┌──

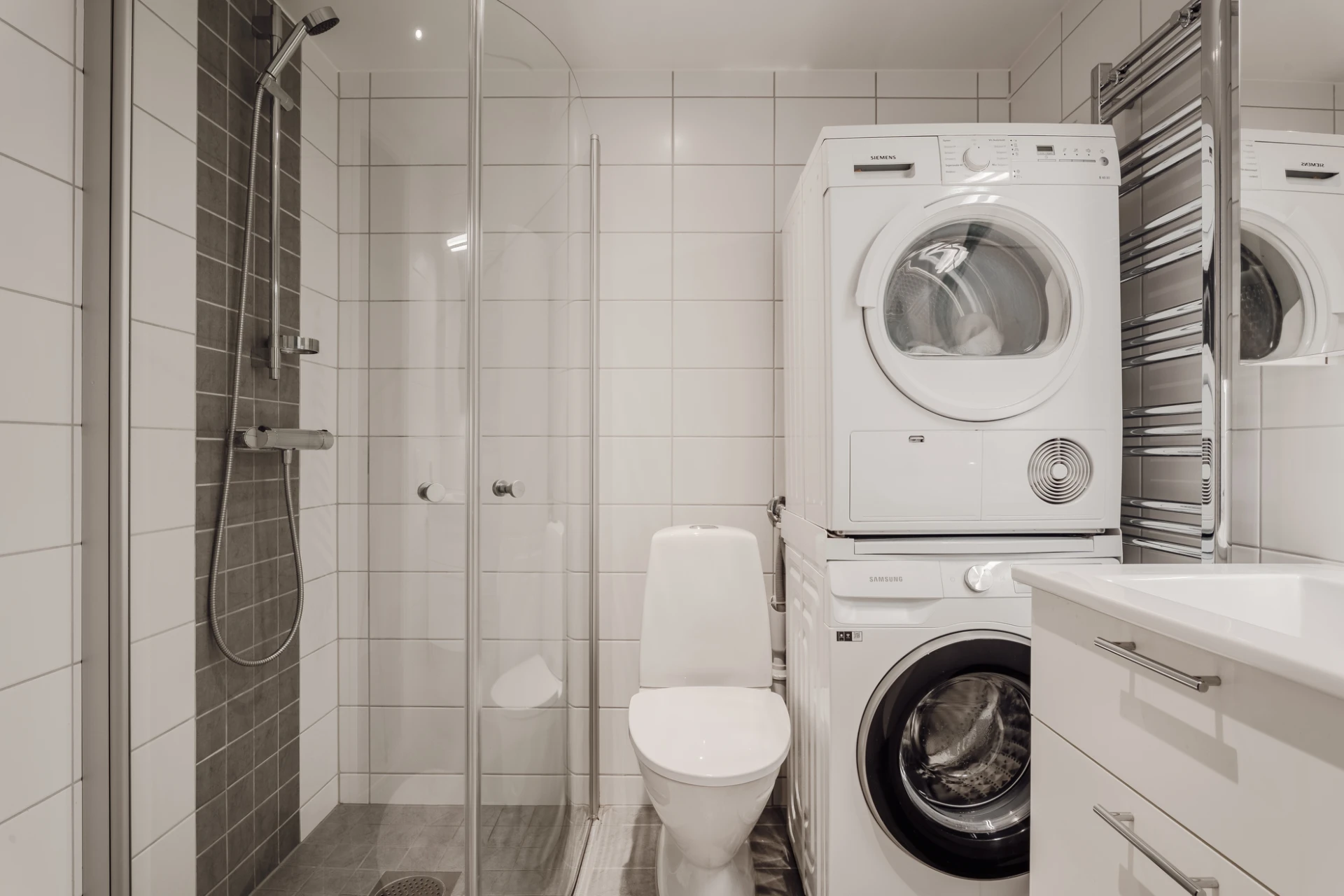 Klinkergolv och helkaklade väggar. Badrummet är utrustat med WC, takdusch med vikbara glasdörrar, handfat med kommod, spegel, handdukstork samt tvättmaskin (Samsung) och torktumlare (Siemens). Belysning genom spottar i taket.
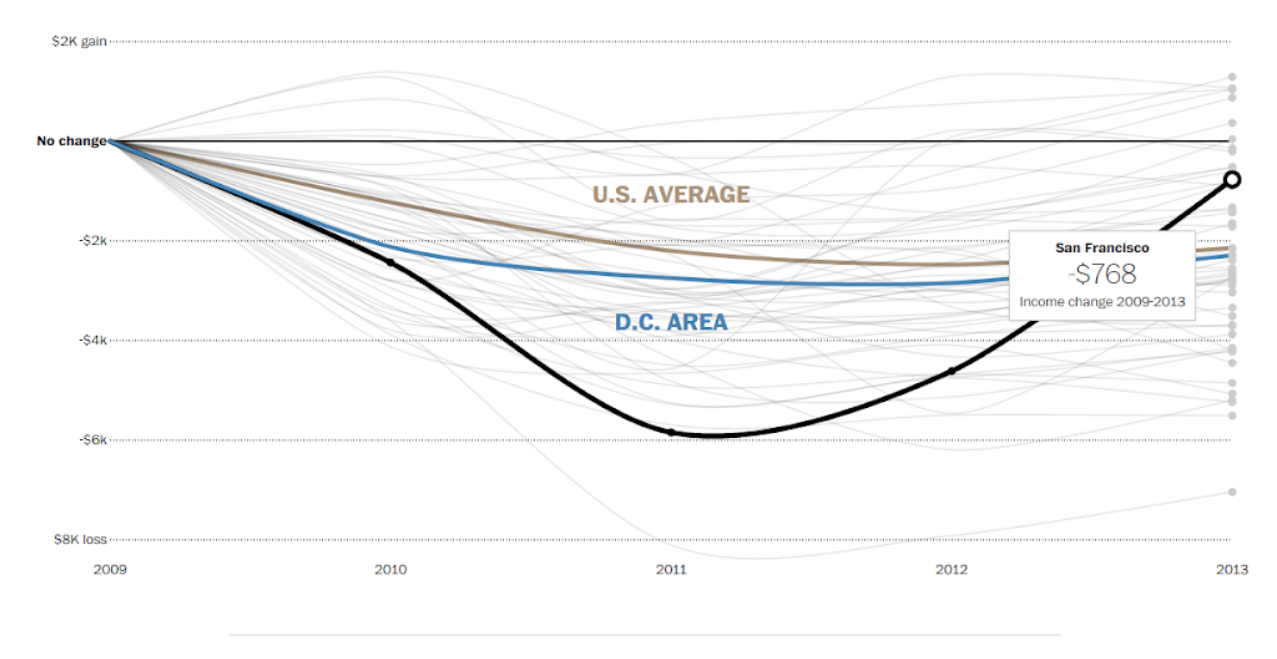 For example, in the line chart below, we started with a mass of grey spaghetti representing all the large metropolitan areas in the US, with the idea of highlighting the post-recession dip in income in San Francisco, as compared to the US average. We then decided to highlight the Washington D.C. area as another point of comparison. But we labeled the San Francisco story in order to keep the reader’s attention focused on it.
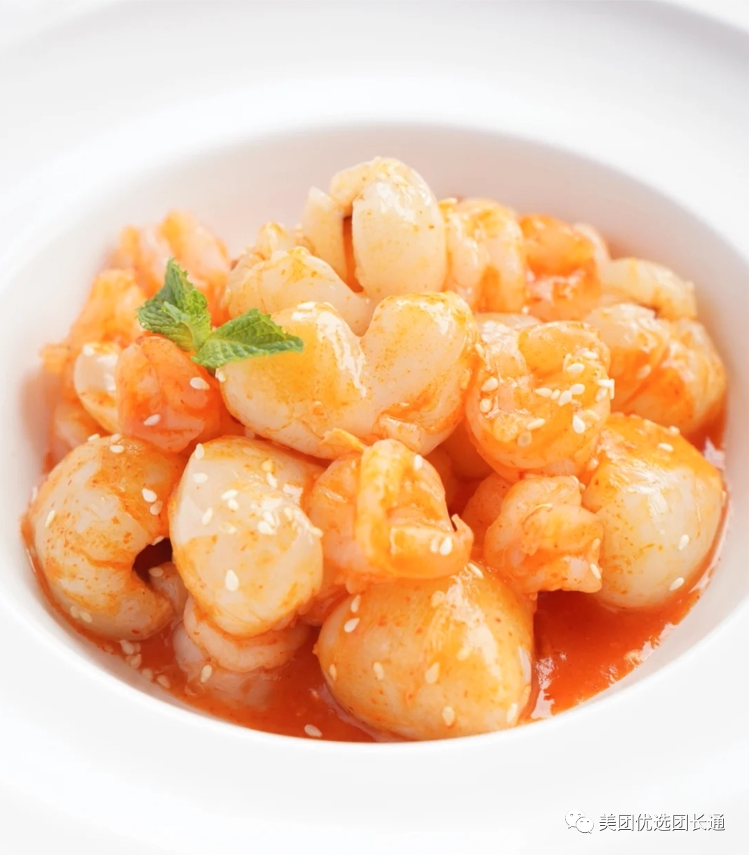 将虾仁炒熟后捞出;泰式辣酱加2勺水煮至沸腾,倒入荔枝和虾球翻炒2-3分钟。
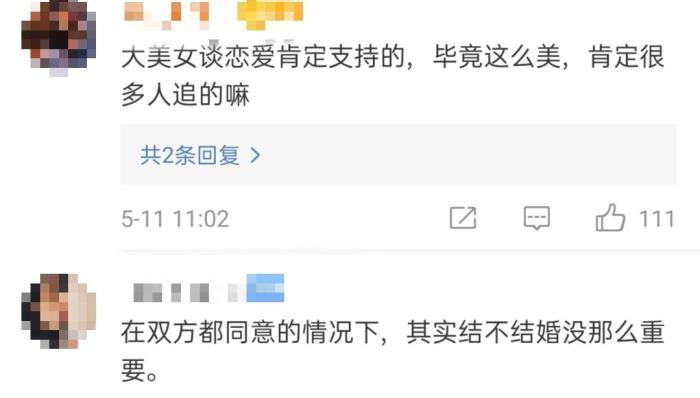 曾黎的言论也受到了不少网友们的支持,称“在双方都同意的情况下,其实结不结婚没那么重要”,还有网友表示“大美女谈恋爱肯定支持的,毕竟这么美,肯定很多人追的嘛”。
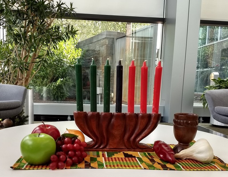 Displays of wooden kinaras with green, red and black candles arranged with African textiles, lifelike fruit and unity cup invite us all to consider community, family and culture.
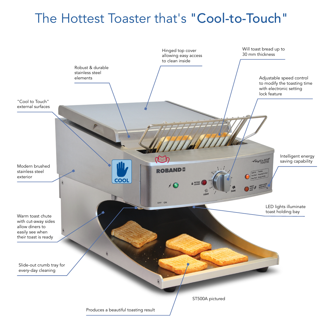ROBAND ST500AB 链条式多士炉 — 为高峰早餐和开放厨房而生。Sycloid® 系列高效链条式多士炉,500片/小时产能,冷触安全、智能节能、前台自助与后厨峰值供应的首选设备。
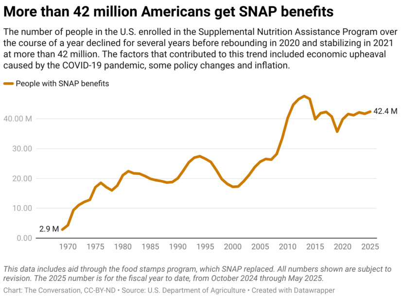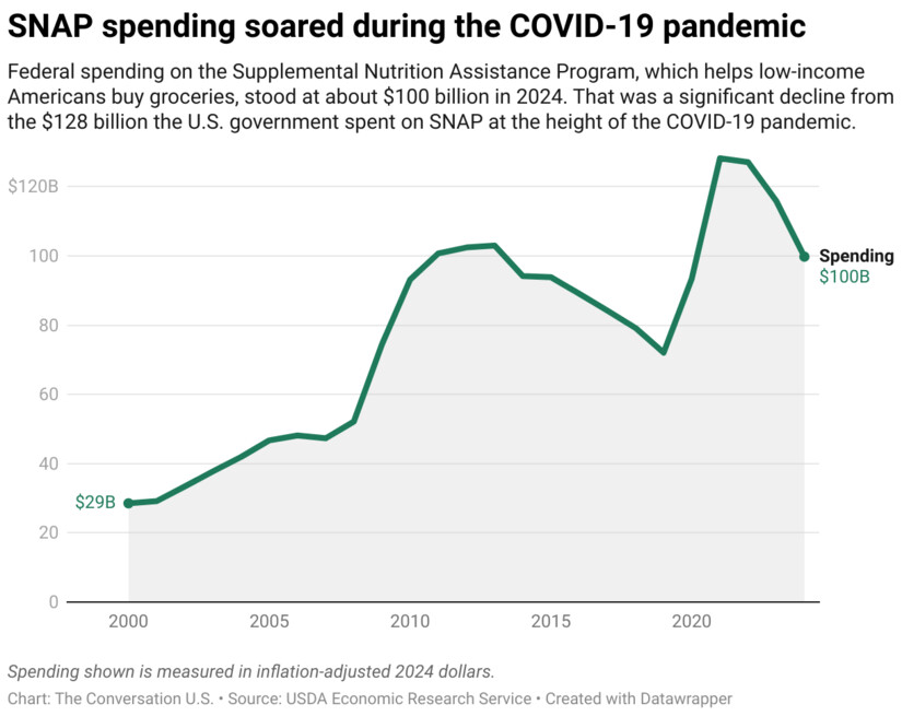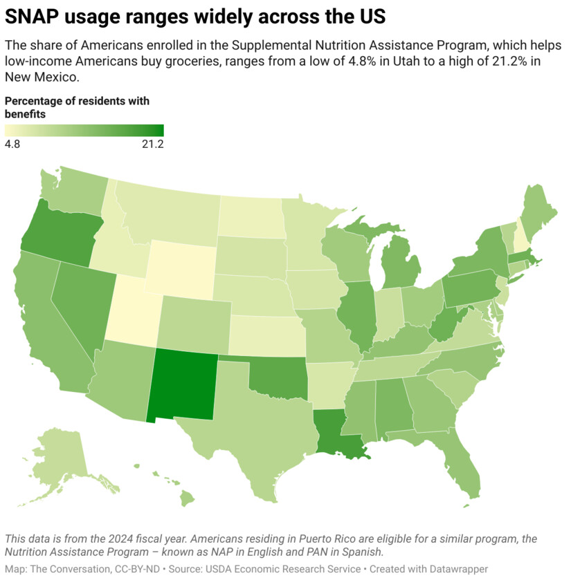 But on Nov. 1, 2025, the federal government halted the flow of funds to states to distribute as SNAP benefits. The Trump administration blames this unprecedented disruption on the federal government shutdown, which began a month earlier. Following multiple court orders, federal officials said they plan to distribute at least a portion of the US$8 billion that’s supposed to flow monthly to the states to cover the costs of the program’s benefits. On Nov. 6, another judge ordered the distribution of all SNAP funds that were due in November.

└──

WHAT TO DO
Output all of the data exactly as it stands, minus any images.

YOUR SOLUTION
 Klinkergolv och helkaklade väggar. Badrummet är utrustat med WC, takdusch med vikbara glasdörrar, handfat med kommod, spegel, handdukstork samt tvättmaskin (Samsung) och torktumlare (Siemens). Belysning genom spottar i taket.
 For example, in the line chart below, we started with a mass of grey spaghetti representing all the large metropolitan areas in the US, with the idea of highlighting the post-recession dip in income in San Francisco, as compared to the US average. We then decided to highlight the Washington D.C. area as another point of comparison. But we labeled the San Francisco story in order to keep the reader’s attention focused on it.
 将虾仁炒熟后捞出;泰式辣酱加2勺水煮至沸腾,倒入荔枝和虾球翻炒2-3分钟。
 曾黎的言论也受到了不少网友们的支持,称“在双方都同意的情况下,其实结不结婚没那么重要”,还有网友表示“大美女谈恋爱肯定支持的,毕竟这么美,肯定很多人追的嘛”。
 Displays of wooden kinaras with green, red and black candles arranged with African textiles, lifelike fruit and unity cup invite us all to consider community, family and culture.
ROBAND ST500AB 链条式多士炉 — 为高峰早餐和开放厨房而生。Sycloid® 系列高效链条式多士炉,500片/小时产能,冷触安全、智能节能、前台自助与后厨峰值供应的首选设备。
 But on Nov. 1, 2025, the federal government halted the flow of funds to states to distribute as SNAP benefits. The Trump administration blames this unprecedented disruption on the federal government shutdown, which began a month earlier. Following multiple court orders, federal officials said they plan to distribute at least a portion of the US$8 billion that’s supposed to flow monthly to the states to cover the costs of the program’s benefits. On Nov. 6, another judge ordered the distribution of all SNAP funds that were due in November.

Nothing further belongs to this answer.